I nemici della cannabis sull’orlo di una crisi di nervi

URUGUAY-MARIJUANA-LEGALIZATION

COME FANNO IN COLORADO – Un buon riassunto della situazione del dibattito in questo momento è presente in un articolo di Kelley Beaucar Vlahos per The American Conservative, fonte al di sopra di ogni sospetto di collusione con gli antiproibizionisti, che ha riassunto un po’ tutte le posizioni così come si sono ridefinite dopo il crollo del proibizionismo americano. Alison Holcomb, dell’American Civil Liberties Union (ACLU), che ha scritto la proposta di legge per la legalizzazione poi passata nello stato di Washington, sostiene l’approccio messo in campo dal Colorado, il primo stato a legalizzare la vendita della cannabis anche per uso ricreativo. L’80% delle tasse raccolte dal nuovo business vanno in educazione, prevenzione e ricerca: «Non perdiamo troppo tempo a pensare alla questione dell’approvvigionamento. Uno dei grandi fallimenti del proibizionismo è stato nel cercare di controllare le persone che riforniscono il mercato e non spendere abbastanza tempo e risorse dal lato della domanda.» Aiutare le famiglie in difficoltà, seguire i ragazzi con disagi o ritardi formativi, paga molto di più in termini di lotta al consumo che minacciare di sbatterli in galera, dove poi puntualmente finiscono.

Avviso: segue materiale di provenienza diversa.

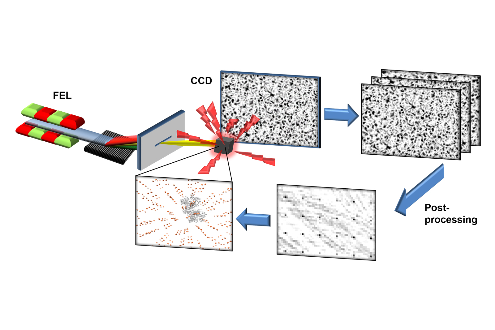 Since the new method uses fluorescence light, a much stronger signal than before can be obtained, which is also scattered to significantly larger angles gaining more detailed spatial information. In addition, filters can be used to measure the light of specific atomic species only. This makes it possible to determine the position of individual atoms in molecules and proteins with a significantly higher resolution compared to coherent imaging using X-ray light of the same wavelength. This method could give new impetus to the study of proteins in structural biology and medicine.

CI PROVANO CON LE «REGOLE» – Per i conservatori invece quella della definizione in senso restrittivo del futuro mercato e della sua catena di distribuzione è l’ultima trincea, quella sulla quale si combatte prima di tutto una battaglia culturale per la quale, in quanto «droga», la cannabis dovrà essere commercializzata in maniera originale e se possibile in modo da minare le possibilità di farne un prodotto di massa, anche se lo è già. Bisogna trovare il modo di ridurne la disponibilità e bisogna fare in modo di conservare parte di quell’irrazionale stigma di malvagità che da sempre ne fa il bersaglio prediletto dei perbenisti. Ecco allora che fior di conservatori alfieri del libero mercato propongono per la commercializzazione della marijuana «piccoli negozi», cooperative (!) e c’è persino chi arriva a pronunciare la bestemmia: monopolio pubblico. Questo per «proteggere i giovani» ovviamente, che par di capire non siano protetti abbastanza dalle leggi che regolano la vendita dell’alcol, per le quali non c’è nulla in programma, anche se l’alcol è molto più dannoso e pericoloso per quegli stessi giovani.

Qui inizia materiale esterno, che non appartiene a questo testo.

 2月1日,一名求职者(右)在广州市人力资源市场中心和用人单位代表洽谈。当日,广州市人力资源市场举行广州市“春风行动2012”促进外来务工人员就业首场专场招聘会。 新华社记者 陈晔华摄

CONTRO IL LIBERO MERCATO – Stranamente i conservatori antiproibizionisti si lamentano del fatto che le compagnie che commercializzeranno marijuana potrebbero non avere in mente «la salute pubblica o valori controculturali», quelli che fatalmente proprio loro finiranno per rappresentare. Ai proibizionisti l’idea che la cannabis diventi un prodotto come un altro proprio non va giù, che poi in futuro possa essere anche pubblicizzata rasenta la bestemmia. Anche Susan Rusche della National Families in Action è del tutto contraria a lasciare il mercato alla mercé della libera impresa e insiste pure perché tutti i prodotti alimentari che impiegano la marijuana come ingrediente siano vietati. I dolcetti alla marijuana spingerebbero i giovani al consumo, quelli imbevuti d’alcolici ancora una volta non la preoccupano. Ovviamente le conseguenze temute sono apocalittiche e spaziano dall’abbandono scolastico in massa a problemi sanitari simili a epidemie, anche se oggi i giovani consumano marijuana in massa senza che succeda nulla del genere.